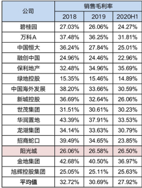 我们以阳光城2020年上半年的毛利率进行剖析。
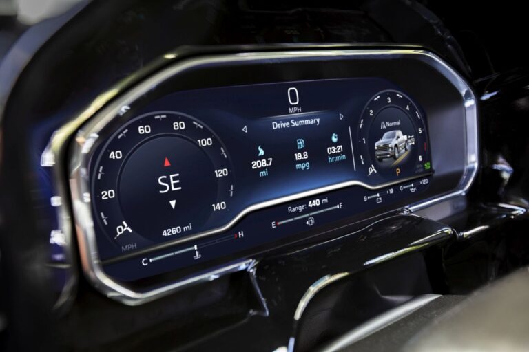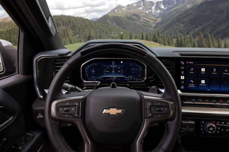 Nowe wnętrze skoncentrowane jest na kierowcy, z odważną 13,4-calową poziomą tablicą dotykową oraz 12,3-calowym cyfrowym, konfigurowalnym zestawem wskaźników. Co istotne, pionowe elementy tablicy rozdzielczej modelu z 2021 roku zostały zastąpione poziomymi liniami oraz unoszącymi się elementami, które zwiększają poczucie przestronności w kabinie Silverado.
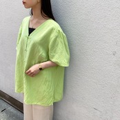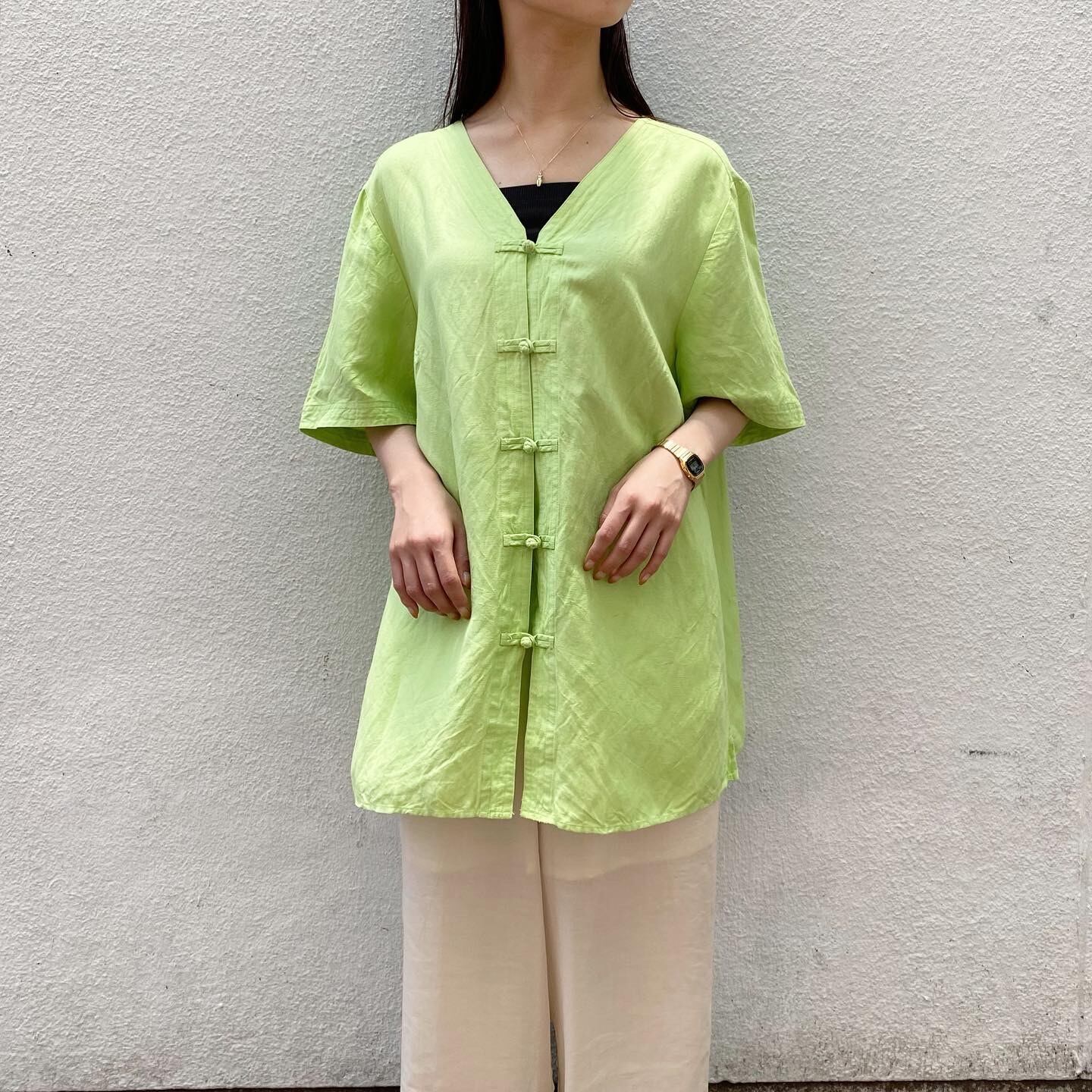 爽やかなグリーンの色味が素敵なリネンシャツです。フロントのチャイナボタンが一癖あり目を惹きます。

* _TASK PROMPT_: Exactly the lines from the one that contains "Nowe wnętrze skoncentrowane" to the last line of the data, both included, should be set down, and no pictures should appear among them.

* _TASK RESPONSE_:
 Nowe wnętrze skoncentrowane jest na kierowcy, z odważną 13,4-calową poziomą tablicą dotykową oraz 12,3-calowym cyfrowym, konfigurowalnym zestawem wskaźników. Co istotne, pionowe elementy tablicy rozdzielczej modelu z 2021 roku zostały zastąpione poziomymi liniami oraz unoszącymi się elementami, które zwiększają poczucie przestronności w kabinie Silverado.
 爽やかなグリーンの色味が素敵なリネンシャツです。フロントのチャイナボタンが一癖あり目を惹きます。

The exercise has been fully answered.